The following should do it..
(but as others mention, the best solution would be to adjust remaining vacations as they are spent..)
select
id, employeeid, date, category,
case
when earned_so_far + hours - total_spent > hours then
hours
else
earned_so_far + hours - total_spent
end as hours
from
(
select
id, employeeid, date, category, hours,
(
select
isnull(sum(hours),0)
from
vacations
WHERE
category = 'Vacation Earned'
and
date < v.date
and
employeeid = v.employeeid
) as earned_so_far,
(
select
isnull(sum(hours),0)
from
vacations
where
category = 'Vacation Used'
and
employeeid = v.employeeid
) as total_spent
from
vacations V
where category = 'Vacation Earned'
) earned
where
earned_so_far + hours > total_spent
The logic is
calculate for each earned row, the hours earned so far
calculate the total hours used for this user
select the record if the total_hours_so_far + hours of this record - total_spent_hours > 0
In thinking about the problem, it occurred to me that the only reason you need to care about when vacation is earned is if it expires. And if that's the case, the simplest solution is to add 'vacation expired' records to the table, such that the amount of vacation remaining for an employee is always just the sum(vacation earned) - (sum(vacation expired) + sum(vacatation used)). You can even show the exact records you want by using the last vacation expired record as a starting point for the query.
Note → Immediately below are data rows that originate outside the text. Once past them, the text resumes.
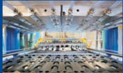
Tool and mould construction and manufacturing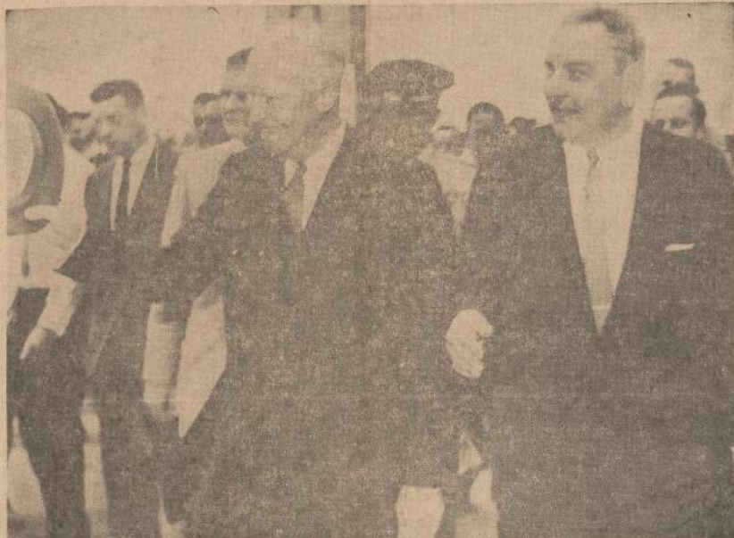
Prezidentas Eisenhoweris su Portoriko gubernatorium Luis Munoz Marin Inspektuoja garbės sarayba, išstatyta prezidentui atskridus į Isla Verde aerodromą prie San Juan, Portorikoje.

JAV vyriausybė pareiškė nepasitenkinimą dėl Vakarų Vokietijos planų įrengti karveivės, karinio apmokymo bazes Ispanijos teritorijoje.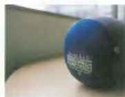
④ mont-bell睡袋 遇到陡峭嚴寒、不適合架設吊床的地區，就可使用睡袋。型號是「Down Hugger 800 # 3」。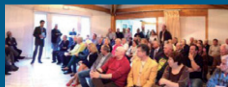
Réunion de proximité Carros le 6 mai 2013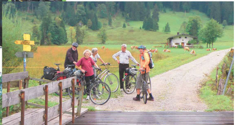
mit dem Rad durch das Längental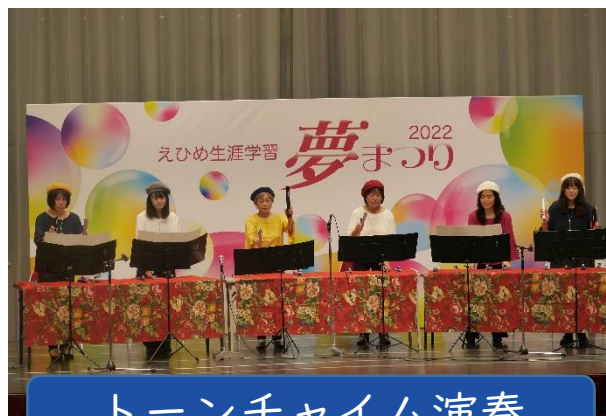
トーンチャイム演奏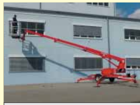
20964 - Europelift TM13T 13m - 230V & Benzin - Bj. 21

But I'm guessing that's not an option. To address the problem as asked, keep in mind that whenever you find yourself using a temporary table try putting that data into CTE (common table expression) instead. Unfortunately I have a meeting right now and so I don't have time to write the query (maybe later, it sounds like fun), but this should get you started.
I find your whole result set confusing and inaccurate and I can see employees sayng, "no I earned 2 hours on Jan 25th not 1." It is not true that they earned 1 hour on that date that was only partially offset, and you will have no end of problems if you choose to display this way. I'd look at a different way to present the information. Typically you either present a list of all leave actions (earned, expired and used) with a total at the bottom or you present a summary of available for use and used.
In over 30 years in the workforce and having been under many differnt timekeeping systems (as well as having studied even more when I was a managment analyst), I have never seen anyone want to display timekeeping information this way. I'm thinking there is a reason. If this is a requirement, I'd suggest pushing back on it and explaining how it will be confusing to read the data this was as well as being difficult to get a well-performing solution. I would not accept this as a requirement without trying to convince the client that it is a poor idea.
As time passes and records are added, performance will get worse and worse unless you do something about it, such as:
Purge old rows once they're "cancelled out" (e.g. vacation earned has had equivalent vacation used rows added and accounted for; vacation used has been used set "expire" vacation earned as "expended")
Add a column that flags if a a row has been "cancelled out", and incorporate this column into your indexes
Tracking how the data changes in this fashion seems an argument to modify your table sturctures (have several, not just one), but that's outside the scope of your current problem.
As for the query itself, I'd build two aggregates, do some subtraction, make that a subquery, then join it on some clever use of one of the ranking functions. Smells like a correlated subquery in there somewhere, too. I may try and hash this out later (I'm short on time), but I bet someone beats me to it.
I'd suggest modifying the table to keep track of Balance in its own column. That way, you only need to grab the most recent record to know where the employee stands.
That way, you can satisfy the simple case ("How much vacation time do I have"), while still being able to do the awkward rollup you're looking for in your "Which bits of vacation time don't line up with other bits" report, which I'd hope is something you don't need very often.